In September 2011, we were awarded a three-year ID/IQ contract for ESAPI ceramic armor plates from Defense Logistics Agency Troop Support group. This purchasing group services the United States Army, Navy, Air Force and Marine Corps. This award was in response to our bid to the Defense Supply Center Philadelphia (DSCP) in response to their requirement for a three-year sustainment order for the replacement of body armor inserts. Simultaneously with the receipt of this award, we received an initial delivery order for $127.1 million for ESAPI ceramic body armor plates and two additional delivery orders of $15.4 million for a total of $142.5 million. Of this amount, we have shipped $84.7 million of body armor through September 30, 2012 and we expect to ship the balance of $57.9 million by April 30, 2013. This ID/IQ contract includes options for additional deliveries of up to $127.3 million in each of the second and third years. We estimate that we will receive $71.1 million in ESAPI delivery orders for all of 2013.
 
In October 2011, we announced the receipt of a delivery order for approximately $6.9 million for ceramic body armor plates from the United States Special Operations Command (“SOCOM”). In March 2012, we received a stop work notice on this order and other orders from SOCOM because the ceramic body armor plates failed government testing. On June 1, 2012, we received an extension of this stop work notice. We recommended solutions to SOCOM and on July 20, 2012, SOCOM issued a show cause notice questioning our proposed solutions. SOCOM provided us an opportunity to present an acceptable corrective action plan (“CAP") by August 20, 2012. Ceradyne provided a CAP for line items SPEAR BALCS GEN III and for TSA Swimmer GEN III on August 17, 2012 and was notified on October 30, 2012 that SOCOM would accept the recommendations for the SPEAR line item but determined not to accept the CAP for the TSA line item.  Ceradyne will incorporate the CAP for the SPEAR line item in November and submit the new design for First Article Testing in the first quarter of 2013. 
 
For 2012 and for the next several years, we expect that our sales of body armor will continue in a range of approximately $50.0 to $150.0 million per year.

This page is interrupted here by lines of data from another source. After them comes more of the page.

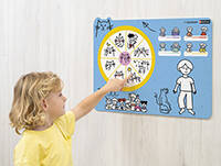 Le panneau mural permet d'installer un rituel simple mais essentiel. Il aide les enfants à faire une pause, à prêter attention à ce qu'ils ressentent, à trouver les bons mots pour en parler.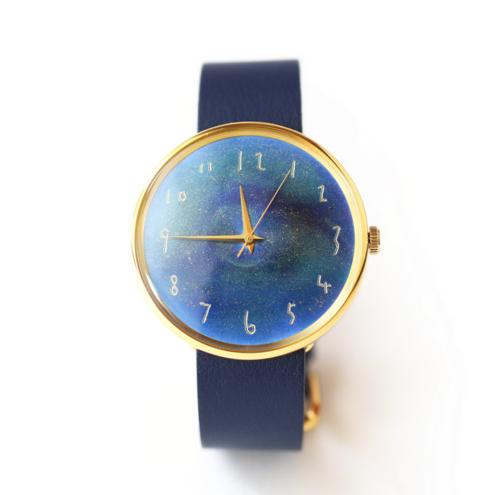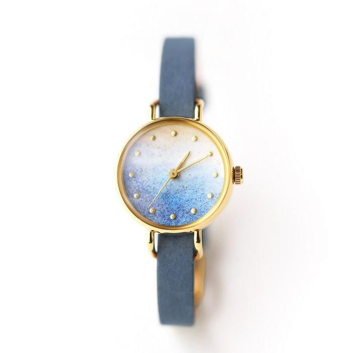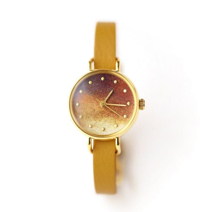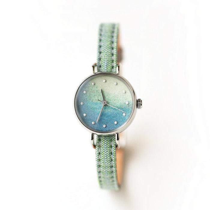 岩絵具一つ一つの粒子が、モネの筆跡のように複雑に混ざり合い、深く美しい配色となった時計を眺めていただくことで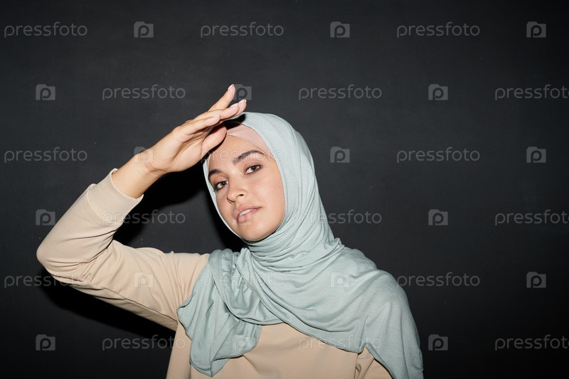 Привлекательная модная мусульманская женщина в светло-синем хиджабе позирует перед камерой на черном фоне стены, копирование пространства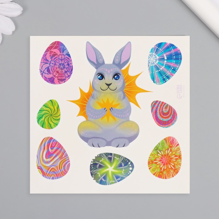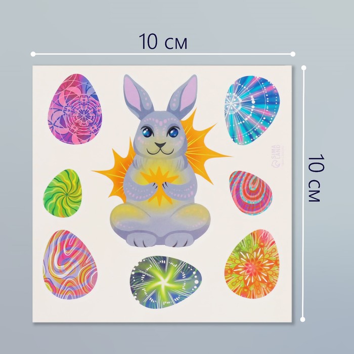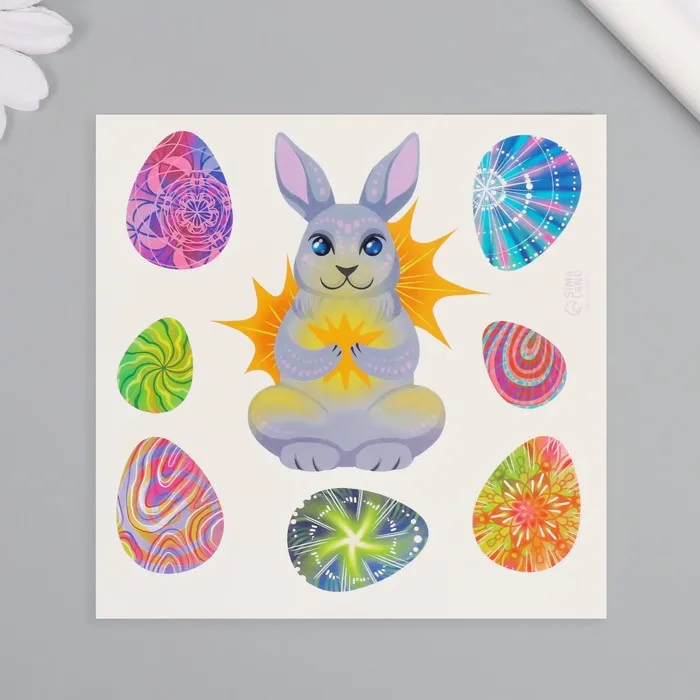 Представляем яркие цветные переводные татуировки, которые станут идеальным выбором для создания праздничного и игривого образа. Их дизайн вдохновлён очаровательным зайцем и пасхальными яичками, что создаёт атмосферу весеннего волшебства и радости. Размер 10×10 см позволяет создать заметный акцент, который украсит как детский праздник, так и семейное торжество.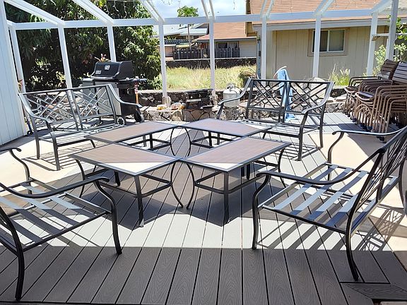 Wonderful starter home in Waikoloa Village! Located in the Paniolo Estates, where there is no HOA fees or CC&R's. This is one of the largest homes in the community with over 1739 sqft of living space. Nicely appointed kitchen with electric range/oven, Dishwasher and Fridge, built in spice rack and lots of cabinets. Two spacious bedrooms and two remodeled bathrooms. Fully owned solar panels with Tesla wall batteries tied to the grid, 5 split air conditioners to keep things cool. Solar hot water heater. PLUS 2 large bonus rooms that could hold many purposes! 2 attic access for extra storage with drop down ladder/stairs. Beautiful courtyard with Trex flooring and a lanai shade cover. Partially fenced yard with fruit trees and tropical landscaping.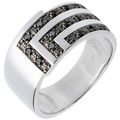 AP3213 - Trójkątny pierścionek z białego złota 18-karatowego i czarnych diamentów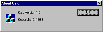 This is our application's message dispatcher. There will also only be a single instance of the CMainFrame class, which represents the frame around the application window that contains the form, menu bar, toolbar, and status bar. We'll delay any discussion of CCalcDoc objects until we start using them in Chapter 3. Each time we select [Help]/[About Calc ...] from the application menu an instance of the CAboutDlg class is created representing the [About Calc] dialog box that appears: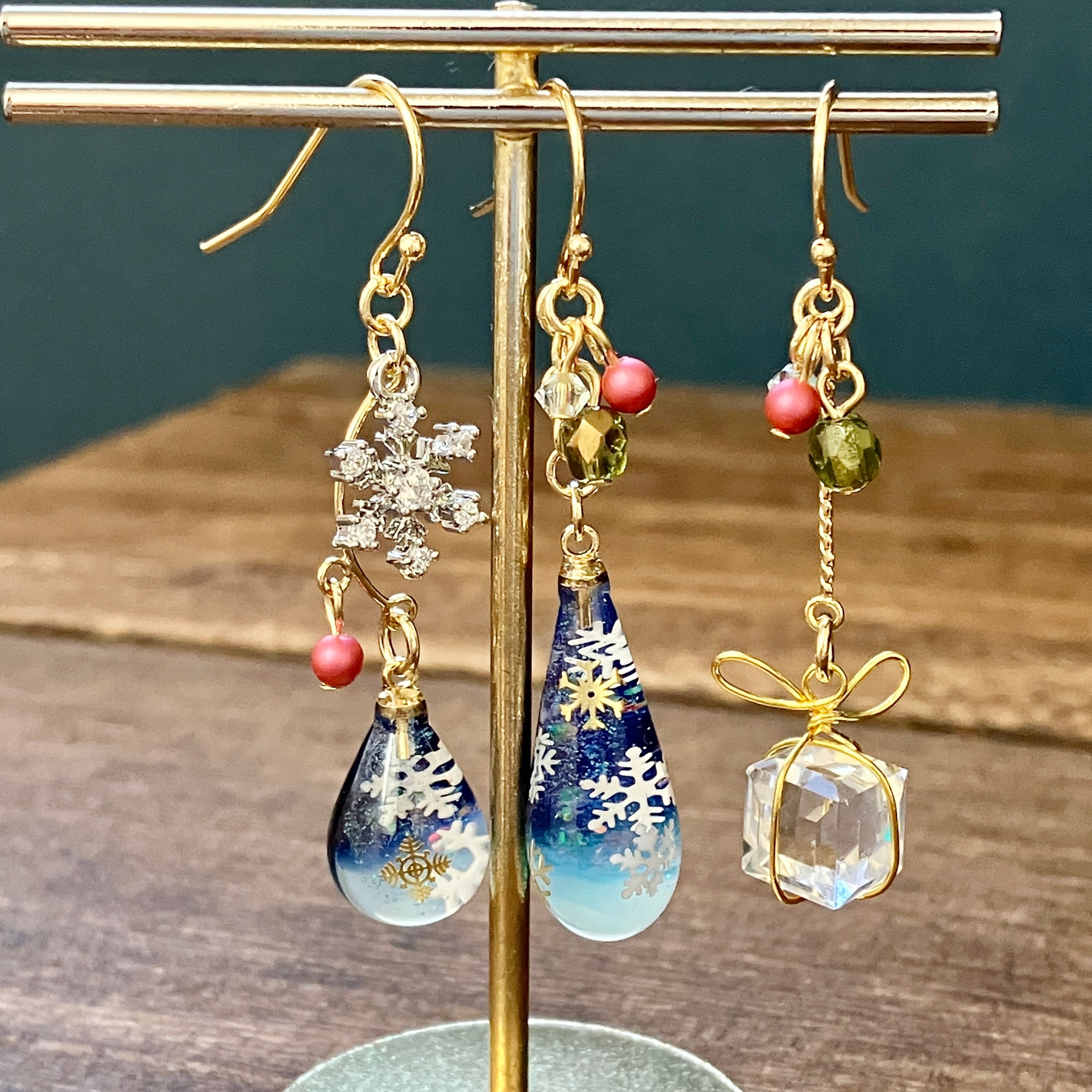 スワロフスキーもワンポイントに取り付けて、冬限定の耳飾りに仕上げました。

We will continue to bid on Foreign Military Sales (FMS) for the first generation of SAPI body armor through our existing ID/IQ contract with Aberdeen Proving Grounds.
 
Although we believe that demand for ceramic body armor will continue for many years, the quantity and timing of government orders depends on a number of factors outside of our control, such as the amount of U.S. defense budget appropriations, positions and strategies of the current U.S. government, the level of international conflicts and the deployment of armed forces. Moreover, ceramic armor contracts generally are awarded in an open competitive bidding process and may be cancelled by the government at any time without penalty. Therefore, our future level of sales of ceramic body armor will depend on our ability to successfully compete for and retain this business.
 
In June 2009, we acquired substantially all of the business, assets, technology and intellectual property related to ballistic combat and non-combat helmets of Diaphorm Technologies, LLC, based in Salem, New Hampshire. Based on this technology, we submitted a proposal to the U.S. Marine Corps Systems Command in June 2009 in response to a solicitation for the procurement of Enhanced Combat Helmets (ECH), which are intended to provide substantially increased levels of protection compared to combat helmets now in use. In response to our proposal, the U.S. Marine Corps Systems Command in July 2009 awarded us a contract for up to a maximum of 246,840 helmets. After an extended period of First Article Testing, our helmets have been approved by the U.S. Government. In March 2012, we received the first of two low rate initial production ECH Helmet orders. The initial release has a value of approximately $3.0 million. The second low rate initial production order was received in May 2012 with a value of approximately $3.9 million. The full multi-year production order has been delayed pending resolution of technical issues related to production and testing.  If these issues are successfully resolved,the total of the initial orders plus full production orders could exceed $170.0 million. Our strategy regarding this acquisition is to combine our successful track record in body armor programs with the proprietary helmet-forming technologies acquired from Diaphorm to create a world class manufacturer of Enhanced Combat Helmets.
 
21

 

New orders for the three and nine months ended September 30, 2012 were $76.1 million and $236.2 million, respectively, compared to $272.0 million and $612.5 million, respectively, for the same periods last year. Orders for ceramic body armor for the three and nine months ended September 30, 2012 were $15.8 million  and $15.5 million compared to $174.7 million and $282.8 million, for the three and nine months ended September 30, 2011, respectively.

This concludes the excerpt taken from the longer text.